November 23, 2015

Don't celebrate just yet

Via The Week, Obamacare is falling apart;
UnitedHealthcare, the nation's largest insurer, announced that it might quit ObamaCare's exchanges next year. Should UnitedHealthcare act on this threat, there may not be enough (red) tape in the desk drawer of even future President Hillary Clinton to put the ObamaCare Humpty Dumpty back together again.
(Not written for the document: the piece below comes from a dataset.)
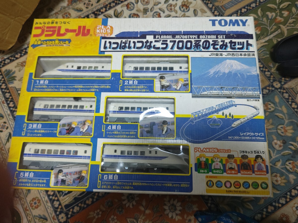 アクセスありがとうございます。下記の情報をご確認ください。プラレールいっぱいつなごう700系のぞみセット、未開封未使用です。新品ではないため完璧なものをお求める方は入札はご遠慮ください。外箱は経年による傷みキズ、折れ目や破れなどがある場合もございます。ノークレームノーリターンノーサポートでお願いいたします。日本郵便で発送致します。他にも出品しております。よろしくお願いいたします。落札後3日以内に取引ナビよりご連絡お願い致します。3日以内にご連絡がない場合は落札者都合により取り消しをする場合がございます。ご入金は7日以内にお願いいたします。入金が確認次第発送致します。私の仕事の都合によりご連絡、発送が遅れることがございます。ご了承ください。

United announced during an investor briefing Thursday that it was expecting a whopping $425 million hit on its earnings this year, primarily due to mounting losses on its ObamaCare exchange business. "We cannot sustain these losses," United CEO Stephen Hensley declared. "We can't really subsidize a marketplace that doesn't appear at the moment to be sustaining itself."
Don't celebrate the death of Obamacare just yet. This is all part of the single-payer plan, and has been all along;
Avik Roy, who serves as GOP presidential candidate Marco Rubio's health care advisor, suspects United may just be the first domino to fall. Other commercial insurers, such as Aetna, Anthem, and Cigna, have raised premiums by double digits and still say they can't make the numbers work in their favor. Hence, they have withdrawn from counties where their losses were particularly acute.

For-profit companies that have shareholders breathing down their necks don't have much latitude to absorb losses. But even companies that don't face similar profit-maximizing pressures can't escape the basic dilemma confronting the industry.
This was the agenda all along. You didn't actually believe that if you liked your plan you could keep your plan, did you? Silly American.